MATLAB Examples

Single-rate Resource Sharing Architecture

This example shows how HDL Coder™ manages the execution of operations in the context of clock rate pipelining. By default, if resource sharing is applied in a region of the design operating at the fastest base sample rate, then a local multi-rate architecture is synthesized, as described in this example. If the shared resources are operating at a slower sample rate and clock rate pipelining is enabled, then the code generator synthesizes a single-rate architecture, which is described in this example.

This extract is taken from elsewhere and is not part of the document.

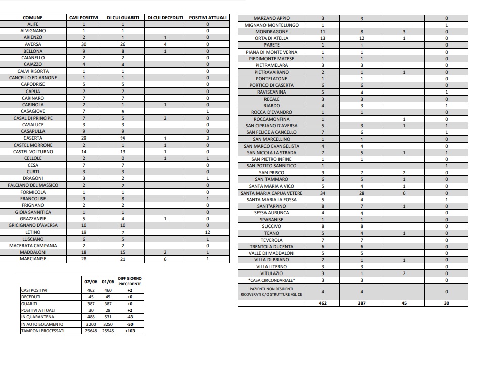 CASERTA (red.cro.) – L’Asl Caserta ha reso noto i dati relativi alla provincia di Caserta e i casi di contagio di oggi, 3 giugno, dati aggiornati fino alle ore 12, con tutti i numeri relativi i 104 comuni della provincia.
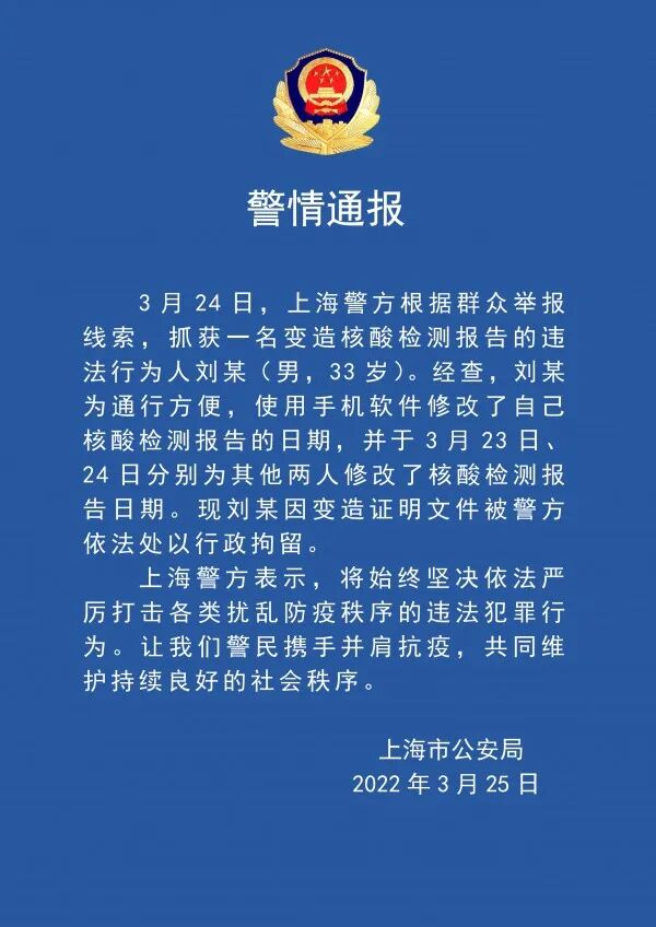 3月24日,上海警方根据群众举报线索,抓获一名变造核酸检测报告的违法行为人刘某(男,33岁)。经查,刘某为通行方便,使用手机软件修改了自己核酸检测报告的日期,并于3月23日、24日分别为其他两人修改了核酸检测报告日期。现刘某因变造证明文件被警方依法处以行政拘留。

Clock rate pipelining is an optimization that finds islands of logic in the Simulink design that operates on data at a slower sample rate and inserts pipelining and resource sharing logic at the (faster) clock rate. In these cases, resource sharing is implemented as a time multiplexed architecture that operates at a single rate and incurs a latency. In order to orchestrate execution of dependent operations and manage the additional latency introduced, HDL Coder (TM) synthesizes appropriate scheduling logic. Consider the model, hdlcoder_singlerate_sharing.slx.

set_param('hdlcoder_singlerate_sharing', 'SimulationCommand', 'update');

This model has an oversampling contraint set through the Oversampling property, which specifies how much faster the FPGA clock rate runs with respect to the Simulink base sample time. This model sets Oversampling = 30, which essentially means that the clock-rate pipelined region can consume 30 clock cycles to complete execution.

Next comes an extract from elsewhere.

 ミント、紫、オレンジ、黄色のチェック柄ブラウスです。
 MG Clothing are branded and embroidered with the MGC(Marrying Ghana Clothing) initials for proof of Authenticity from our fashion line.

The optimization options for individual blocks and subsystems are listed below. Let's generate code and inspect the validation model to understand the single-rate sharing architecture.

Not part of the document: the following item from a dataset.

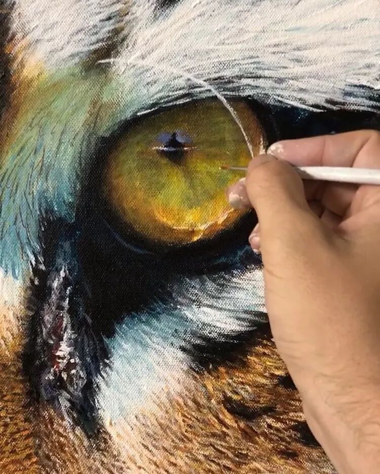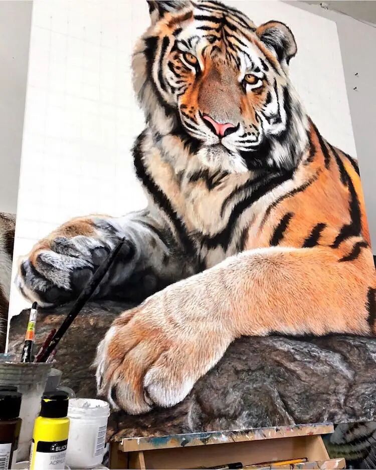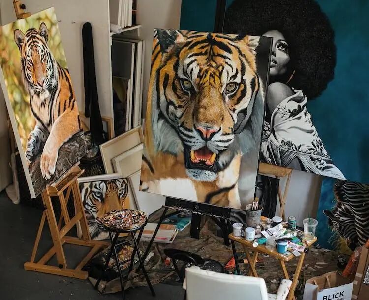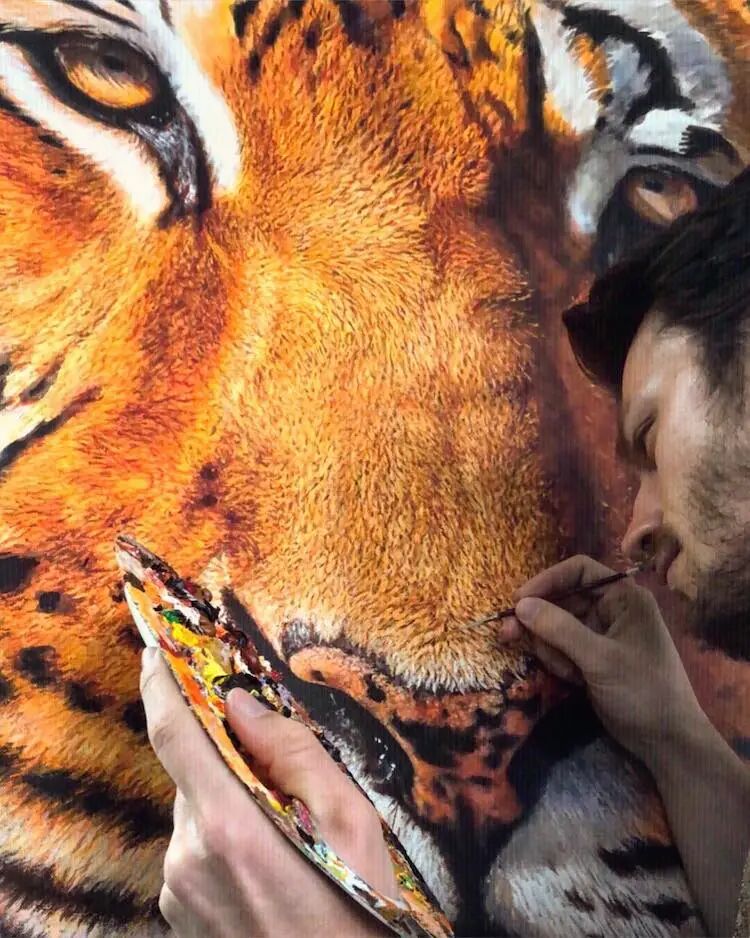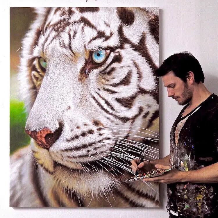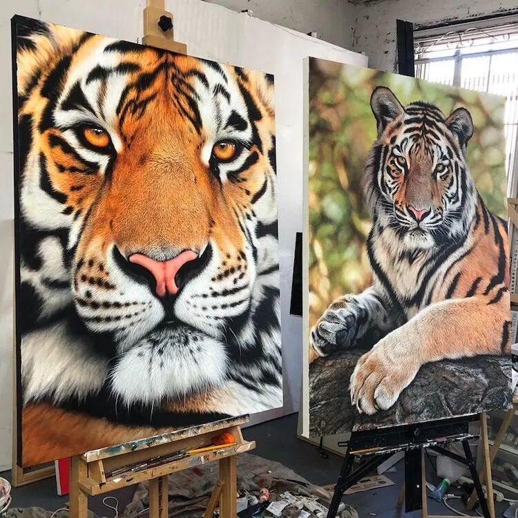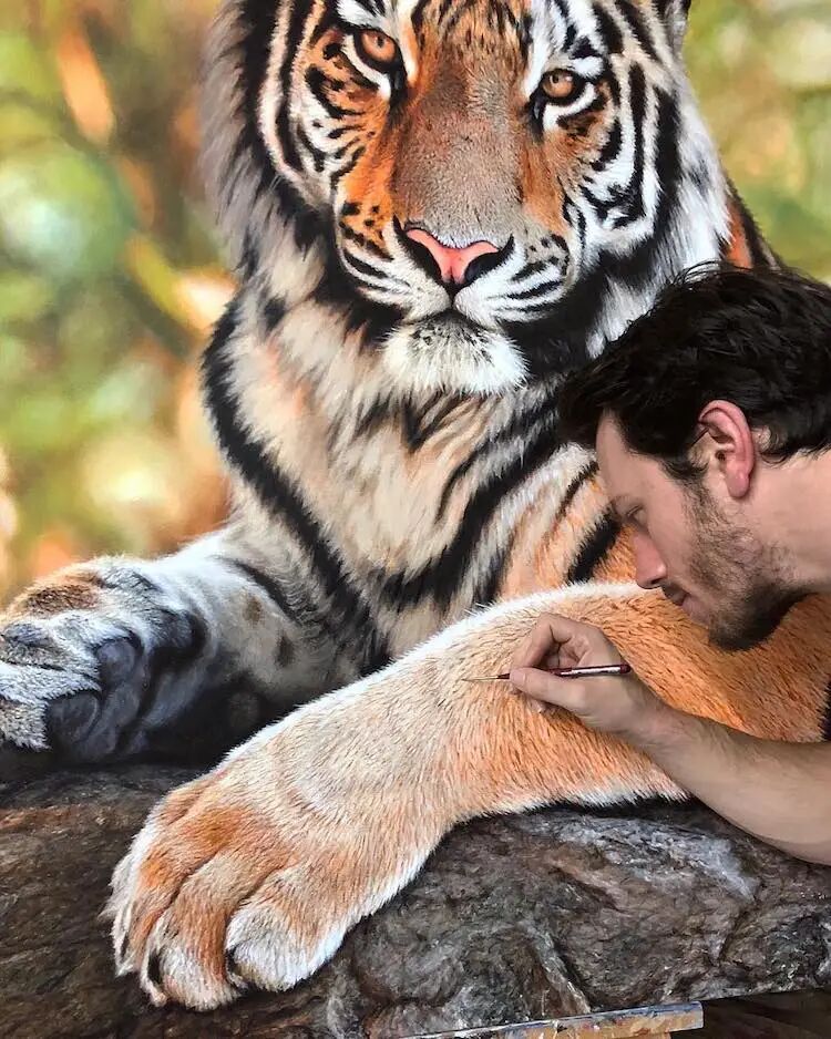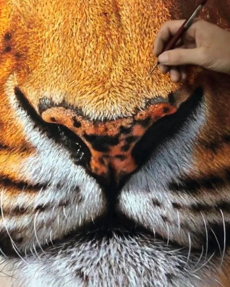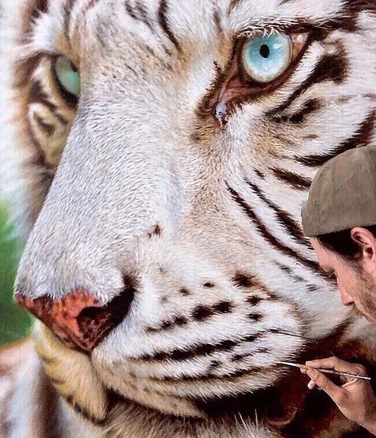 不过,来自加拿大的超写实画家尼克·西德,就非常喜欢画超写实动物,在尼克·西德很小的时候就非常喜欢老虎,为了像这些大猫致敬,他用超写实的方式,将这些漂亮的动物画的栩栩如生,仿佛下一秒就要跳出画布。

%% Set Model 'hdlcoder_singlerate_sharing' HDL parameters
hdlset_param('hdlcoder_singlerate_sharing', 'GenerateValidationModel', 'on');
hdlset_param('hdlcoder_singlerate_sharing', 'HDLSubsystem', 'hdlcoder_singlerate_sharing');
hdlset_param('hdlcoder_singlerate_sharing', 'OptimizationReport', 'on');
hdlset_param('hdlcoder_singlerate_sharing', 'Oversampling', 30);

% Set SubSystem HDL parameters
hdlset_param('hdlcoder_singlerate_sharing/Subsystem', 'DistributedPipelining', 'on');

hdlset_param('hdlcoder_singlerate_sharing/Subsystem/Sum_piped', 'Architecture', 'Tree');
% Set Sum HDL parameters
hdlset_param('hdlcoder_singlerate_sharing/Subsystem/Sum_piped', 'OutputPipeline', 2);

% Set SubSystem HDL parameters
hdlset_param('hdlcoder_singlerate_sharing/Subsystem/share', 'SharingFactor', 2);

% Set SubSystem HDL parameters
hdlset_param('hdlcoder_singlerate_sharing/Subsystem/stream1', 'StreamingFactor', 2);

% Set Delay HDL parameters
hdlset_param('hdlcoder_singlerate_sharing/Subsystem/stream1/Delay', 'UseRAM', 'on');

% Set SubSystem HDL parameters
hdlset_param('hdlcoder_singlerate_sharing/Subsystem/stream2', 'StreamingFactor', 4);

### Generating HDL for 'hdlcoder_singlerate_sharing/Subsystem'.
### Using the config set for model <a href="matlab:configset.showParameterGroup('hdlcoder_singlerate_sharing', { 'HDL Code Generation' } )">hdlcoder_singlerate_sharing</a> for HDL code generation parameters.
### Starting HDL check.
### The DUT requires an initial pipeline setup latency. Each output port experiences these additional delays.
### Output port 0: 1 cycles.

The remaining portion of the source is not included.